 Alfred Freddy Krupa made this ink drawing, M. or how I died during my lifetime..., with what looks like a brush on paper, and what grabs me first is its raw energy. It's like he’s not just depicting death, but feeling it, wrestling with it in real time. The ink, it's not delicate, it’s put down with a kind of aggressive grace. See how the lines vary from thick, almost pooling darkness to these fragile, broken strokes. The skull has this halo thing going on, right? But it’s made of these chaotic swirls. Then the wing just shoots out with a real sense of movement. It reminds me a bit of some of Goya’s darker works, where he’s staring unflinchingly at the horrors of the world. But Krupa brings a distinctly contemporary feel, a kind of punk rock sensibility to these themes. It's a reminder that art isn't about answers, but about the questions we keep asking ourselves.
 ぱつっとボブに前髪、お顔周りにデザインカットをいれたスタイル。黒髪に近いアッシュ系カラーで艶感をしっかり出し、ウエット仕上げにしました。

--

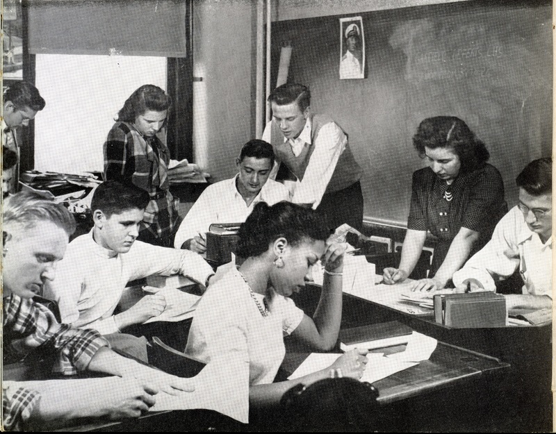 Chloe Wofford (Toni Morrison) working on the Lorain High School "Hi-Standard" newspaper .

--

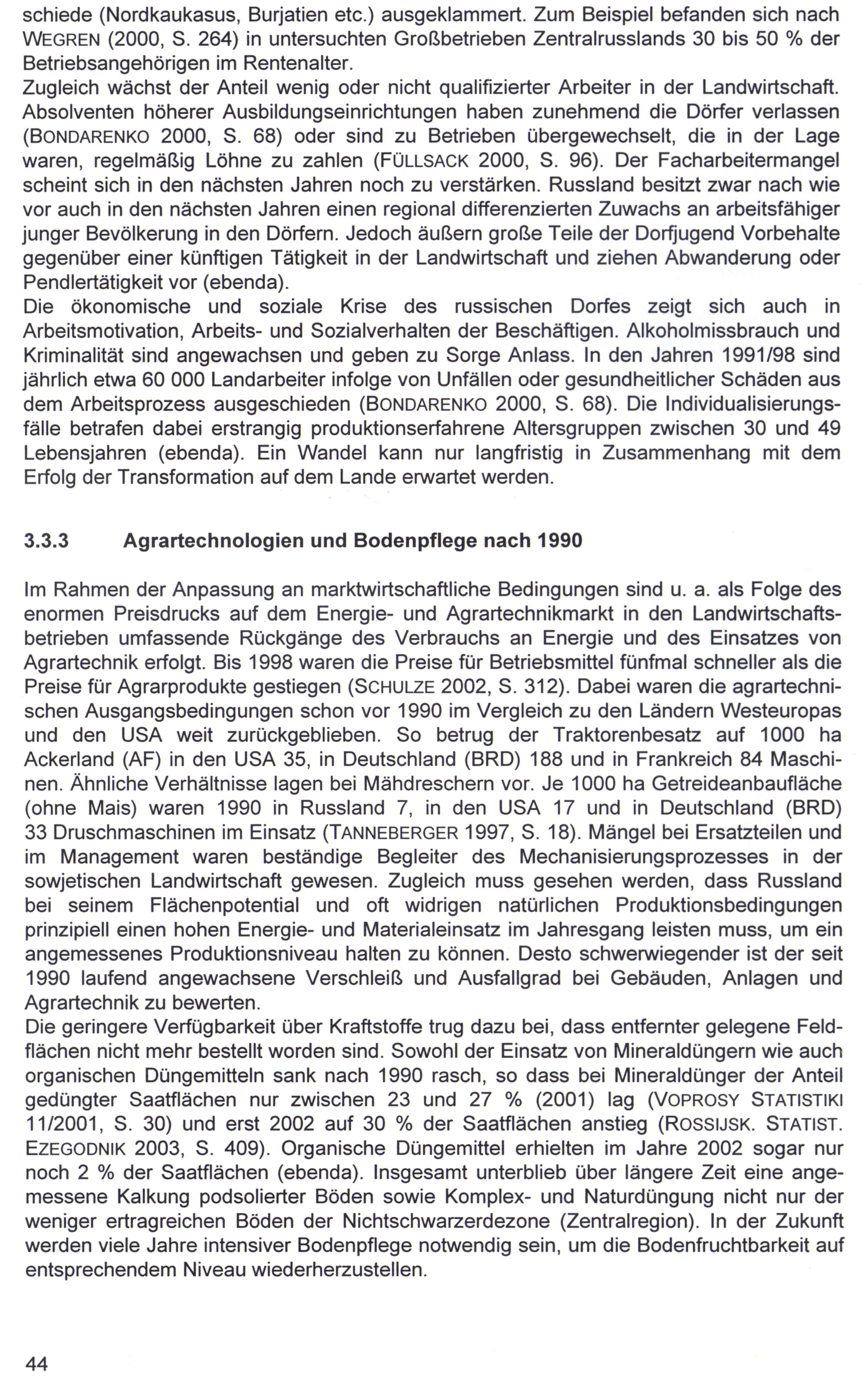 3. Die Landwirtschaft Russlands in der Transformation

Exercise instructions.
Write out, from the lines above, only those from the line with "Alfred Freddy Krupa" to the line with "ぱつっとボブに前髪、お顔周り", exactly as given, including the first and the last.

Exercise output.
 Alfred Freddy Krupa made this ink drawing, M. or how I died during my lifetime..., with what looks like a brush on paper, and what grabs me first is its raw energy. It's like he’s not just depicting death, but feeling it, wrestling with it in real time. The ink, it's not delicate, it’s put down with a kind of aggressive grace. See how the lines vary from thick, almost pooling darkness to these fragile, broken strokes. The skull has this halo thing going on, right? But it’s made of these chaotic swirls. Then the wing just shoots out with a real sense of movement. It reminds me a bit of some of Goya’s darker works, where he’s staring unflinchingly at the horrors of the world. But Krupa brings a distinctly contemporary feel, a kind of punk rock sensibility to these themes. It's a reminder that art isn't about answers, but about the questions we keep asking ourselves.
 ぱつっとボブに前髪、お顔周りにデザインカットをいれたスタイル。黒髪に近いアッシュ系カラーで艶感をしっかり出し、ウエット仕上げにしました。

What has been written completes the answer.